In the context of CNNs, BatchNorm2D is specifically designed to work with 2D inputs, such as images or feature maps [6]. When applied to a Conv2D layer in a CNN, BatchNorm2D normalizes each feature map independently. This means that for an input with shape (batch-size, channels, height, width), BatchNorm2D will compute and apply the mean and variance for each channel across the batch, height, and width dimensions. The use of BatchNorm2D in CNNs offers several advantages: it allows higher learning rates, potentially accelerating the training process; it reduces the dependency on careful initialization of the network weights; and it acts as a regularizer, in some cases eliminating the need for Dropout [7].

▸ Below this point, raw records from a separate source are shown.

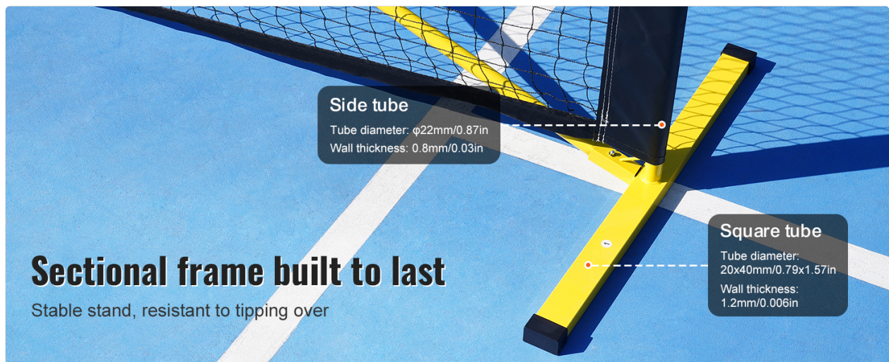
Figure 5.1: The pickleball net system with key dimensions: 22 ft length, 36 inches height at posts, and 34 inches center support pole height.

This net system is a regulation 22-foot net, suitable for standard pickleball court dimensions. The net height at the posts is 36 inches, and the center support pole ensures a consistent net height of 34 inches in the middle, as per official rules.
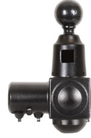
HSHB-R-PE Hangstraight, horizontal with BALL finial, twist-lock receptacle, photocell in decorative cap.
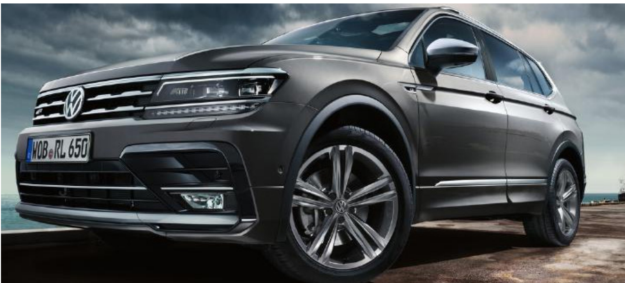
The above image shows optional Pyrite Silver Metallic paint

The above specifications are for information purposes only as our products are continually updated and changes may be made to the specifications at any time. If you require any specific feature, you must consult your local dealer who is regularly updated with any change in specification. Specifications are subject to change without notice.
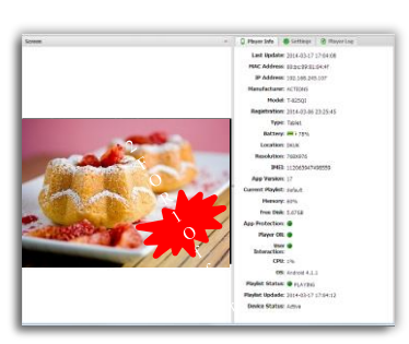
Detailed player metrics, Real time player snapshot, Player Control.

Easy to build playlists, set durations, re-order, transitions, start and end time/date, day-part control.
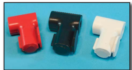
Extended Peg Hook Locks are Available in Red, White, & Black

For Additional Information, Contact Customer Service at: 1-800-322-2435
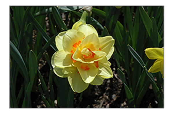
Tahiti Daffodil flowers
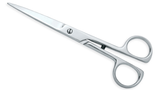
Barber Scissors One Blade Micro Serrated VI-103-1012

&nbsp; Made from selected steel and crafted to perfection for smooth operation and sharpness with one blade micro serrated, with removable finger rest, This is ideal model for people looking for Economic Scissors with modern designs.
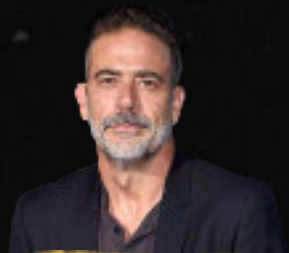
JEFFREY DEAN MORGAN
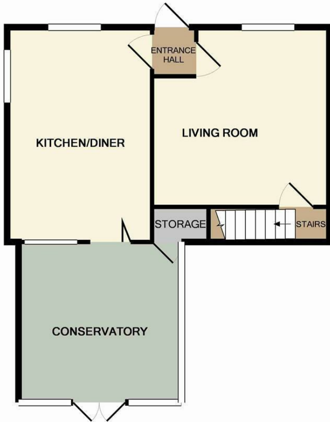
GROUND FLOOR APPROX. FLOOR AREA 535 SQ.FT. (49.7 SQ.M.)
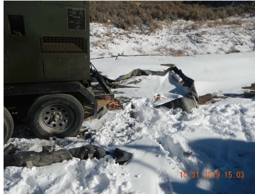
Photo # - View of the pump generator secondary containment in disrepair.
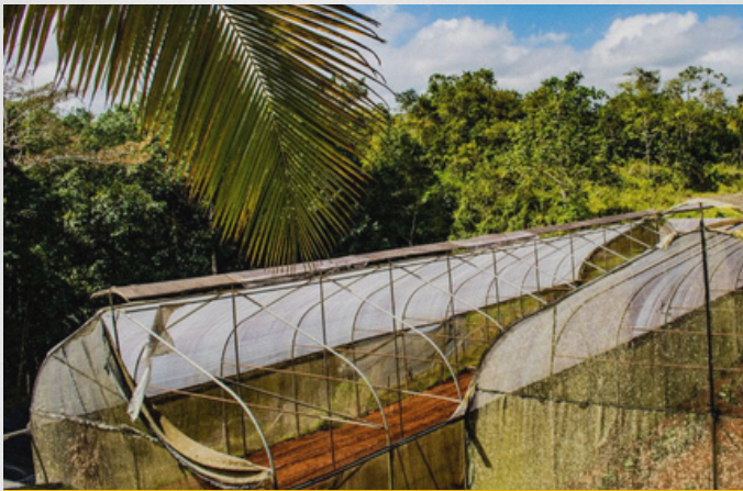
Sustainable agriculture initiatives which feed residents and staff, as well as local communities.

Mustard Seed Communities (MSC) is a non-profit organization founded in 1978 in Jamaica, dedicated to empowering and enriching the lives of the spiritually, psychologically, and financially poor. Registered as a charitable organization in July 2014, MSC operates from 1 Mahoe Drive, Kingston 11, with the support of 13 board members and around 1,000 volunteers both locally and internationally.

During inference, BatchNorm2D uses a moving average of the mean and variance computed during training, ensuring consistent normalization even when processing single images. While BatchNorm has become a standard component in many CNN architectures, it’s worth noting that alternatives like Layer Normalization or Group Normalization have been proposed for specific use cases or to address certain limitations of BatchNorm [8]. These variations on the normalization theme continue to be an active area of research in deep learning, as practitioners seek to optimize network performance across a wide range of applications and architectures.
Max Pooling.
Max pooling is a downsampling technique commonly used in CNNs to reduce the spatial dimensions of the feature maps while retaining the most important information [9] . The primary purpose of max pooling is to achieve spatial invariance to small translations in the input, reduce computational complexity, and control overfitting. In a max pooling operation, the input feature map is divided into non-overlapping rectangular regions, and for each such region, the maximum value is output to the next layer. This process effectively reduces the resolution of the feature map while preserving the most prominent features detected by the previous convolutional layers.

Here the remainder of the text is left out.